§ **MATERIAL PROVIDED**
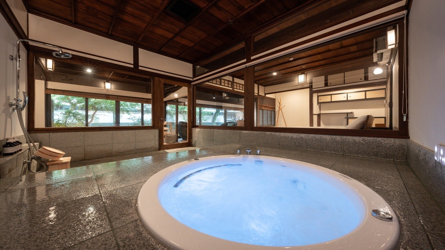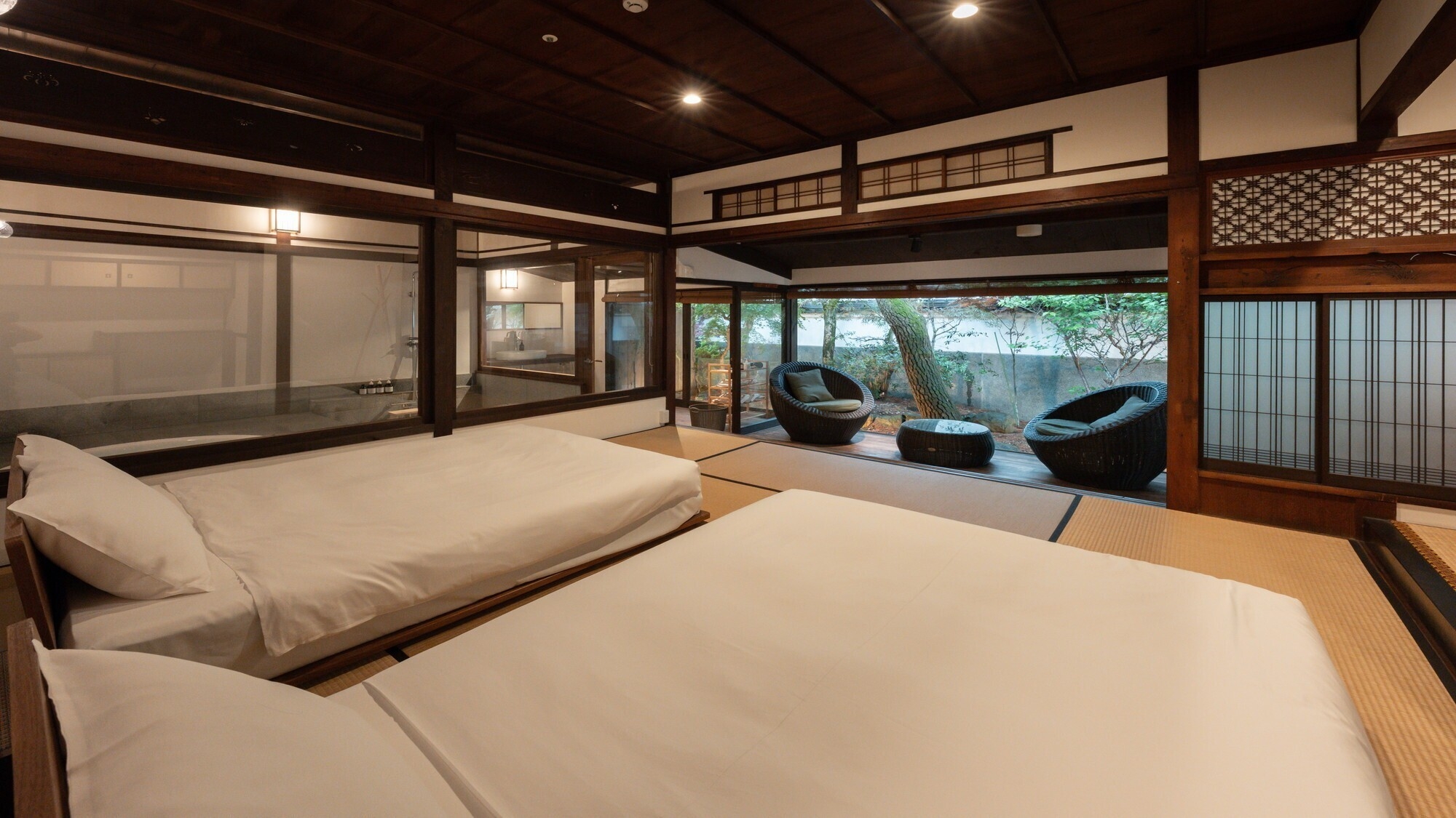 広々とした浴室とジャグジー風呂で非日常空間をお愉しみくださいませ。広さ:50平米、寝具:ダブルベッド2台、お布団(1名様まで追加可能)
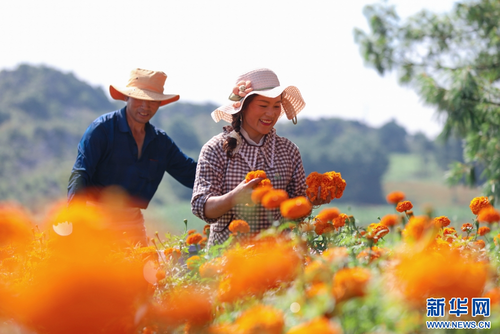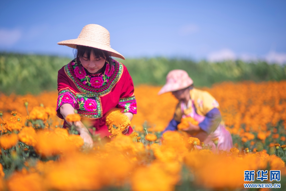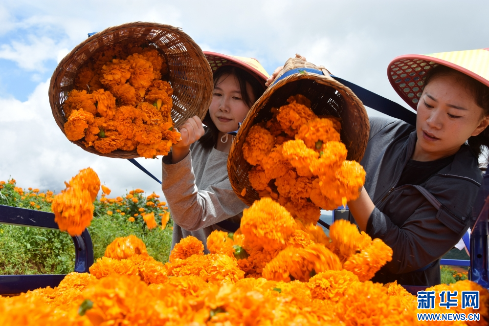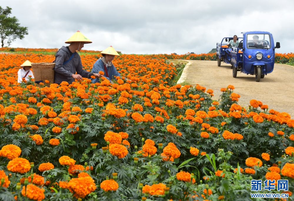 8月7日,云南省文山壯族苗族自治州丘北縣膩腳彝族鄉膩腳村的花農在采收萬壽菊。新華網發(熊平祥 攝)
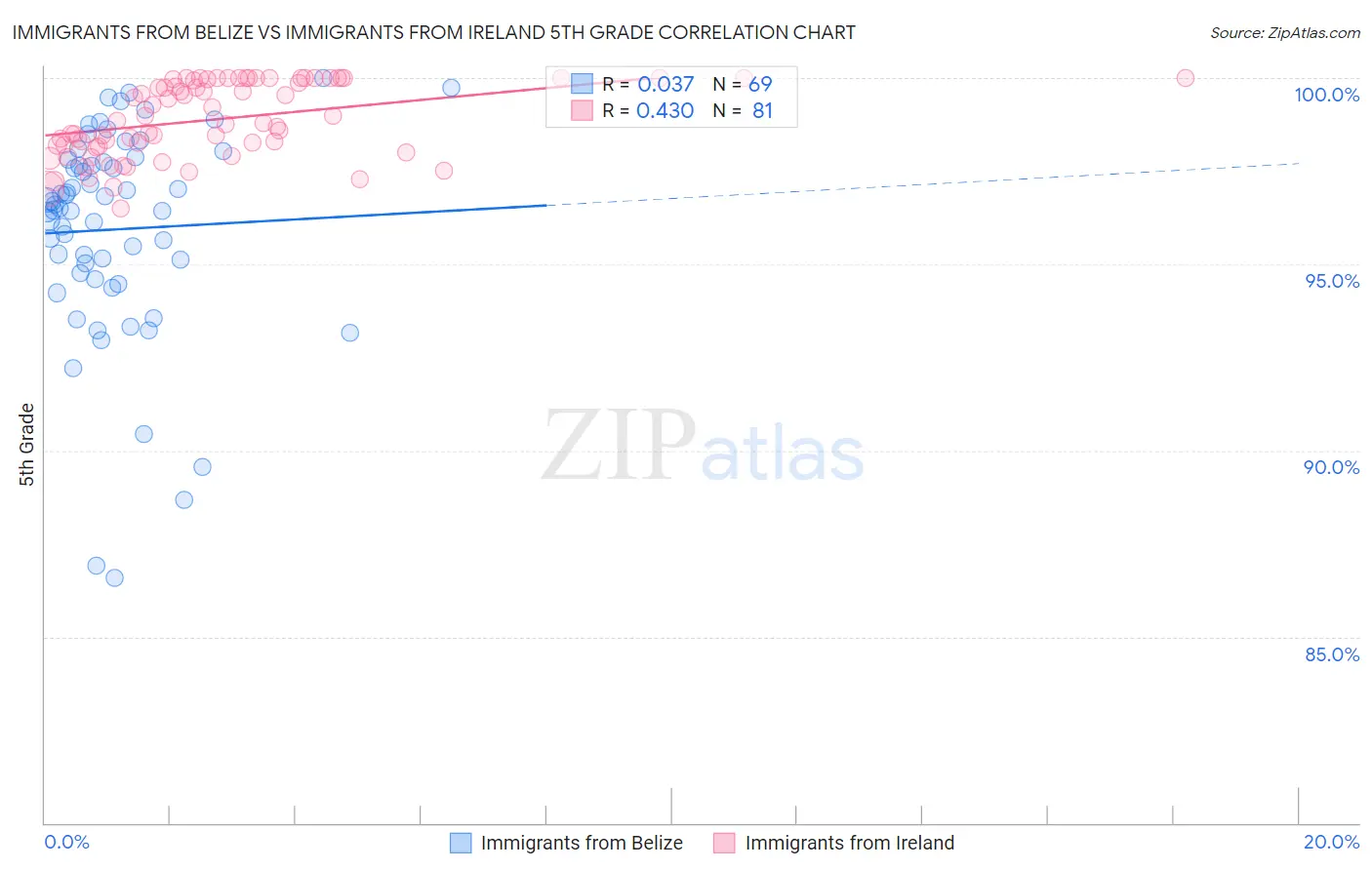 Immigrants from Belize vs Immigrants from Ireland 5th Grade Correlation Chart
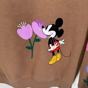 Disney Mickey Crew Neck Sweatshirt Tan With Floral Graphics Womens M
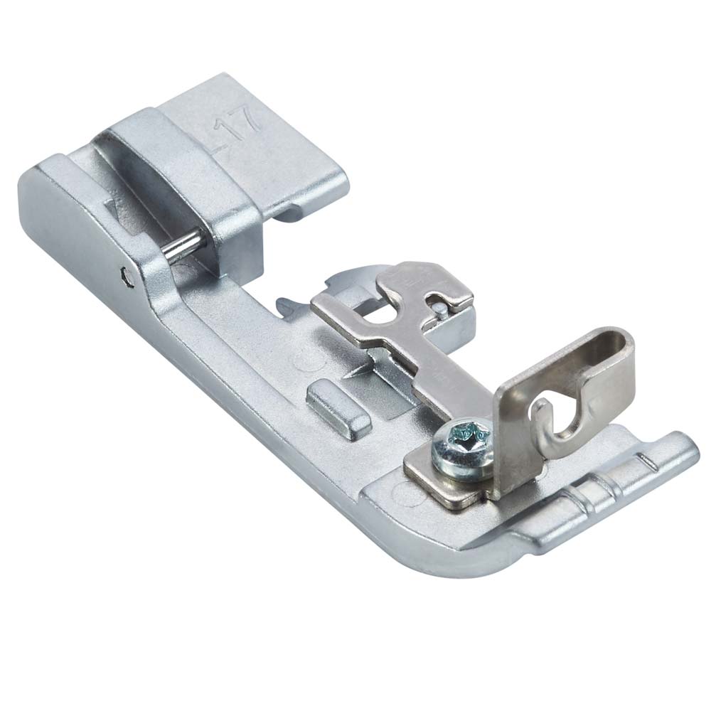 The Cording foot is used for stitching thin cord, wire, fishline, perlé thread or fine yarn up to a maximum diameter of 2mm into a rolled hem.
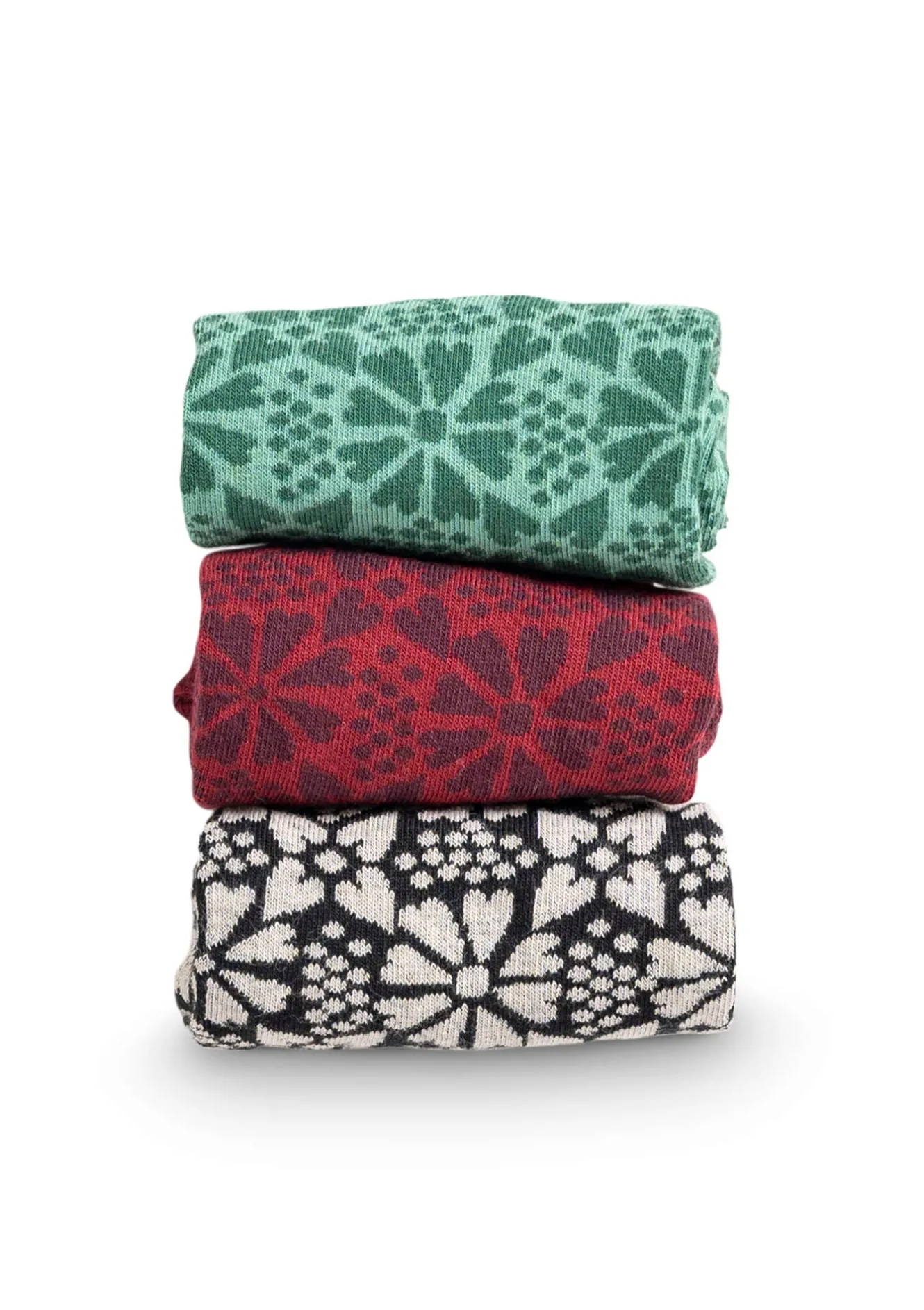 Grafiskt folkloristiska blomster pryder denna lilla strumpa. Bekväm och mjuk ribb upptill.

§ **WHAT IS NEEDED**
No picture is to be included when the lines from the one containing "8月7日,云南省文山壯族苗族" through the end of the material above are output exactly; nothing else is written.

§ **TASK SOLUTION**
 8月7日,云南省文山壯族苗族自治州丘北縣膩腳彝族鄉膩腳村的花農在采收萬壽菊。新華網發(熊平祥 攝)
 Immigrants from Belize vs Immigrants from Ireland 5th Grade Correlation Chart
 Disney Mickey Crew Neck Sweatshirt Tan With Floral Graphics Womens M
 The Cording foot is used for stitching thin cord, wire, fishline, perlé thread or fine yarn up to a maximum diameter of 2mm into a rolled hem.
 Grafiskt folkloristiska blomster pryder denna lilla strumpa. Bekväm och mjuk ribb upptill.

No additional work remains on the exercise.